Further, the weight to be given to such a report, if the additional
interviewees of the medical inspector were not called to give evidence in
court, or gave evidence contrary to the information they had given to the
medical inspector, would be seriously undermined.
18. The
learned High Court Judge held that to allow third parties to be interviewed by
the medical inspector would be to stretch the law too far. I agree with that
decision and the reasons given by him and I would affirm the judgment and order
of the High Court. While the medical inspector has indicated that it is common
practice in achieving a medical [*10]diagnosis, this is a report for the Court
prior to a court hearing. To enable the medical inspector interview persons
other than the parties would be to endorse a preliminary hearing by the doctor.
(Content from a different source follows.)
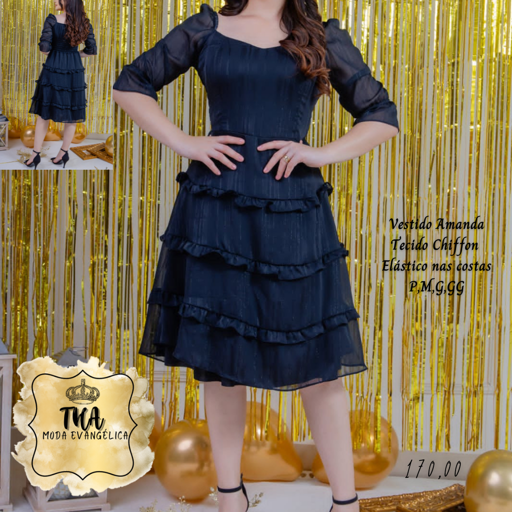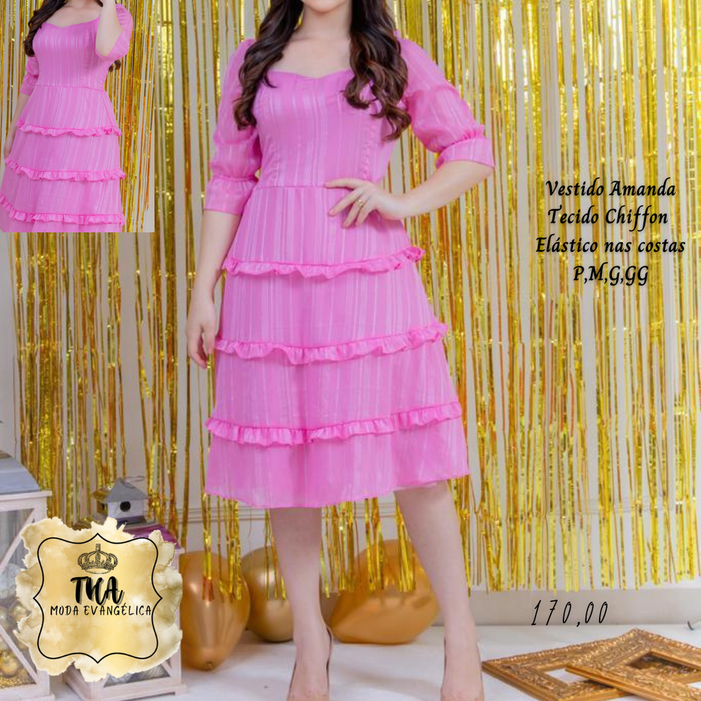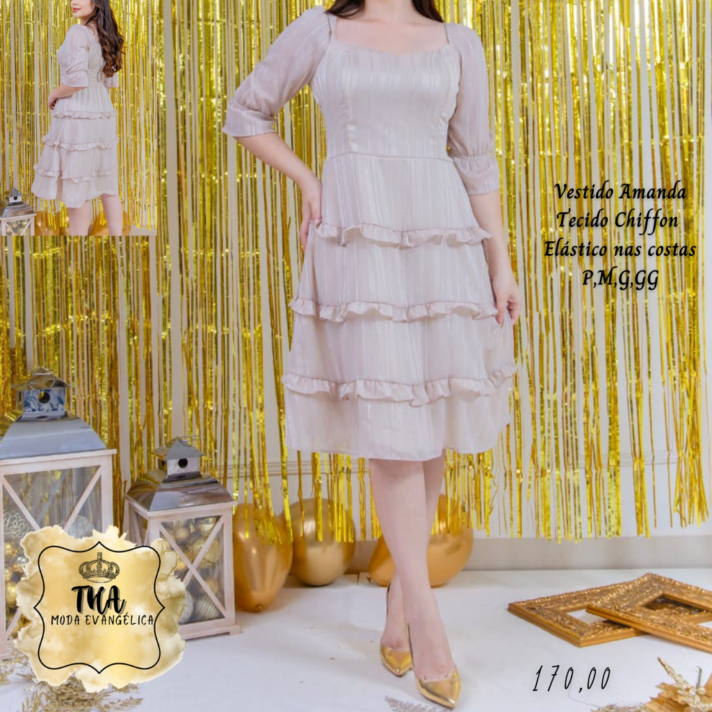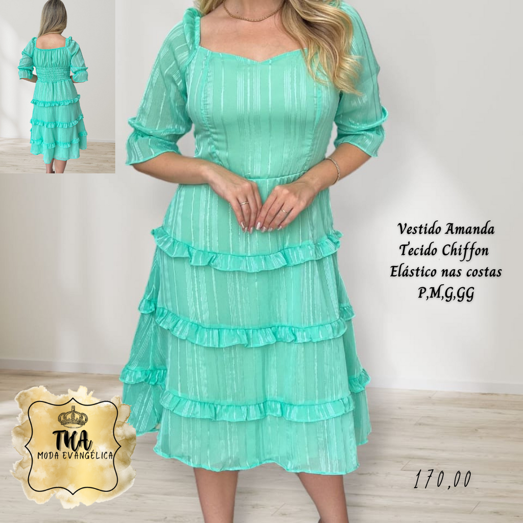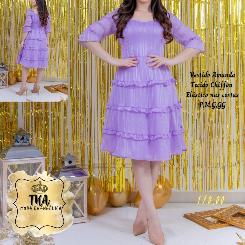 THA MODA EVANGÉLICA ✔Vestido Amanda✔ Tecido Chiffon✔ Com Elástico nas costas✔ Tamanhos P, M, G, GG✈ Envio pelos correios

Further, it would cause serious difficulties in the running of the nullity
action in Court and it would take the action from the Court and place it
partially in the hands of the doctor. The medical evidence of the medical
inspector is an important aspect of the hearing. However, the determination is
a judicial function and the evidence should be tendered in accordance with the
law and fair procedures.
19. Whilst
the medical inspector was of the view that it was standard psychiatric practice
to seek information from third parties and that such was warranted in this case
the proceedings are judicial. At issue is the status of the parties. The
inspector has been asked to examine the parties only. This is in keeping with
the necessity for the nullity suit to be conducted in a court of law and not a
doctor’s clinic. Consequently in this case the medical inspector has the
authority as stated on the face of the Court Order to interview the parties and
no other persons. Nothing in this judgment is intended to inhibit a court, if
deemed appropriate, from giving additional authority to the medical inspector
on consent of both parties.
20. As
to the diary, it appears that this is now in the care and control of the
Respondent. If it is to be a matter of evidence in the nullity suit then the
appropriate process lies elsewhere. It may be a matter for discovery.